Maybe read up on how to regain trust and find out the necessary tests in order to see if she passes with flying colours, or fails at the first hurdle.

Infidelity sucks. It destroys so much faith and trust in human nature.

Make yourself happy. If she wants to come along on the ride, it's got to be on your terms. She gave up any rights after lying and cheatin on ya


----------



## sam83 (Jul 23, 2011)

Not the best idea what if she just doesn't like him is this make her faithful ??

what if ur friend like her and go with her and tell u she is good girl 

after the affair do u get full transparency from ur wife do u know where she is all the time ???


----------



## the guy (Aug 3, 2010)

I would rather use this resource for investigation purposes. Having your friend follow her. The other side of the coin is she my not be attracted to the friend and give you a false reading.

I'm all for confirming your spouses commitment to the marriage, but there are variables to this senerio, the worse is them going off together. How close is this friend that your W doesn't know?


----------



## Chaparral (Jul 17, 2011)

Daviekins said:


> Well I am kind of stuck in a dilemma. I am in a situation where I can test my wifes fidelity by getting someone I know(but she doesn't) to try and flirt with her etc.
> 
> If she doesn't go for it then it would go a long way in helping the relationship and building my trust.
> 
> ...


----------



## morituri (Apr 1, 2011)

Just like there are people who are predisposed to alcohol abuse, there are people who are predisposed to infidelity. You're willingness to tempt your wife to cheat, is tantamount to putting a bottle of booze in front of an alcoholic in order to test her resolve. That is called cruelty in my book.

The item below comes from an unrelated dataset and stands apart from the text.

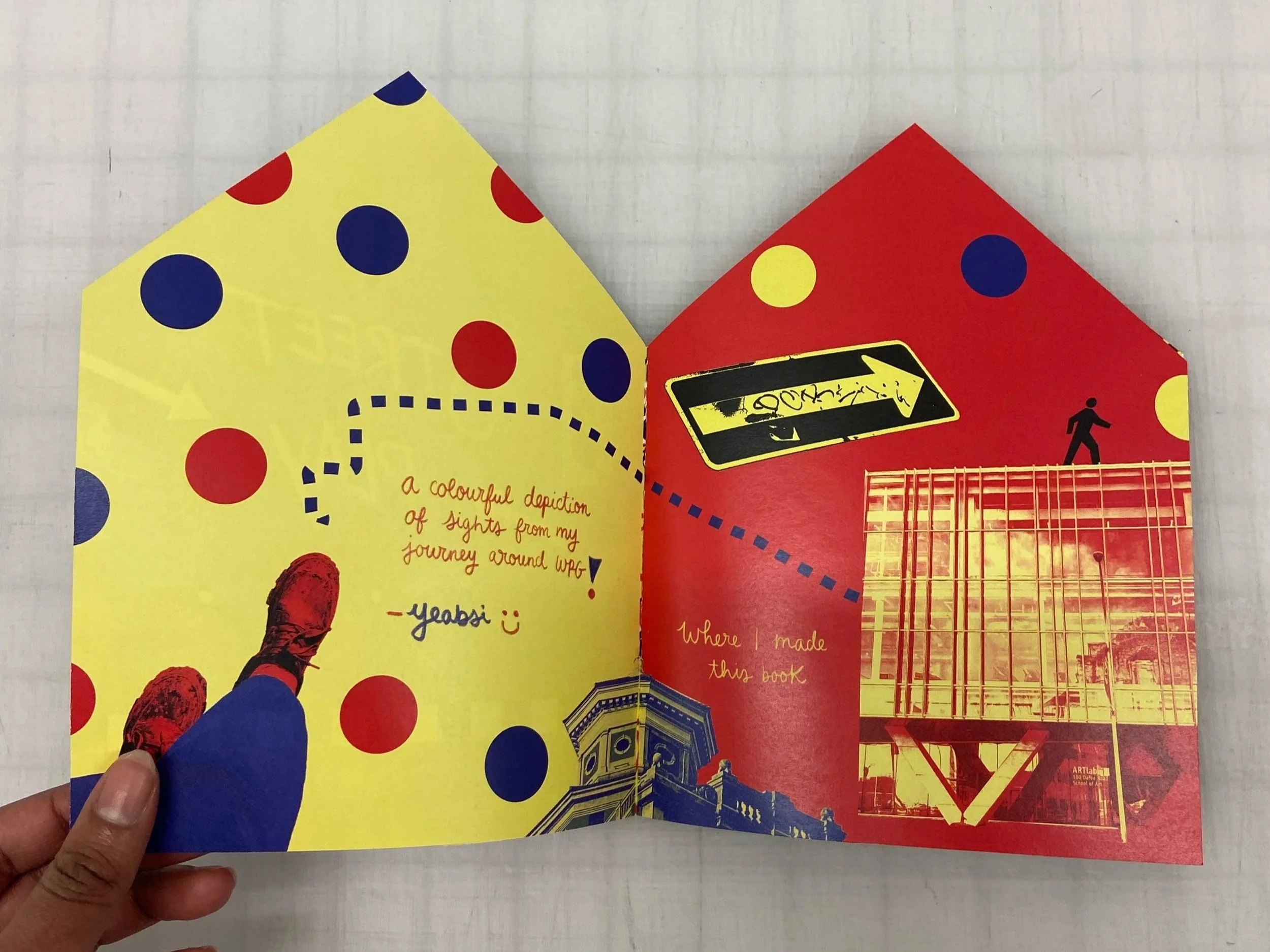 A short and playful zine of my day's journey around Winnipeg. Starting from the University of Manitoba and ending in Osborne Village. Taking pictures as I go, I highlight the textures and playful nature of mundane city street signs and objects. I love Winnipeg so much that when I go to my favourite spots, some of which are featured in here—my world feels like it's highly saturated in colour. It's the best lil' chilly and quirky home.

Instead get yourself and your wife into individual and marital counseling. I hope for both your sakes that you do it.


----------



## Lon (Jun 6, 2011)

This is a bad idea to me, it does nothing but break down whatever trust may be remaining by either spouse, and what exactly does it accomplish? nothing.


----------



## Entropy3000 (May 11, 2011)

Daviekins said:


> Well I am kind of stuck in a dilemma. I am in a situation where I can test my wifes fidelity by getting someone I know(but she doesn't) to try and flirt with her etc.
> 
> If she doesn't go for it then it would go a long way in helping the relationship and building my trust.
> 
> What are your thoughts on this? Is it wrong? If she did go for it there is the possibility that she would not have searched for it and therefore would not cheated had I not put her in the situation.


What if they tell her and then she gets very mad and decides to prove a point by going all the way with them?

This just seems wrong to me.

In fact I cannot even imagine the conversation with the other guy. Hey, do me a favor. Seduce my wife. I want to see if she cheats on me. Flirting would not tell you much.


----------



## calif_hope (Feb 25, 2011)

First of all, this is not "Entrapment", entrapment relates to a crime, and the authorities would have to be the ones to set the bait. 

Second, "testing" is very common, many PIs offer the service. Heck, one of the cable channels had a reality show on this subject - hot mom PI with 3 very hot PI daughters. If you decide to do it use a PI, professional confadential relationship as opposed getting a friend of a friend to do it for you.

Call a PI and ask for the decoy service
_Posted via Mobile Device_


----------



## morituri (Apr 1, 2011)

If you have to go to such extremes to discover if your wife is going to be faithful to you then you might as well end the marriage and move on. Nothing good will come from it.


----------



## calif_hope (Feb 25, 2011)

As Ronald Reagan said, "Trust But Verify"!
_Posted via Mobile Device_


----------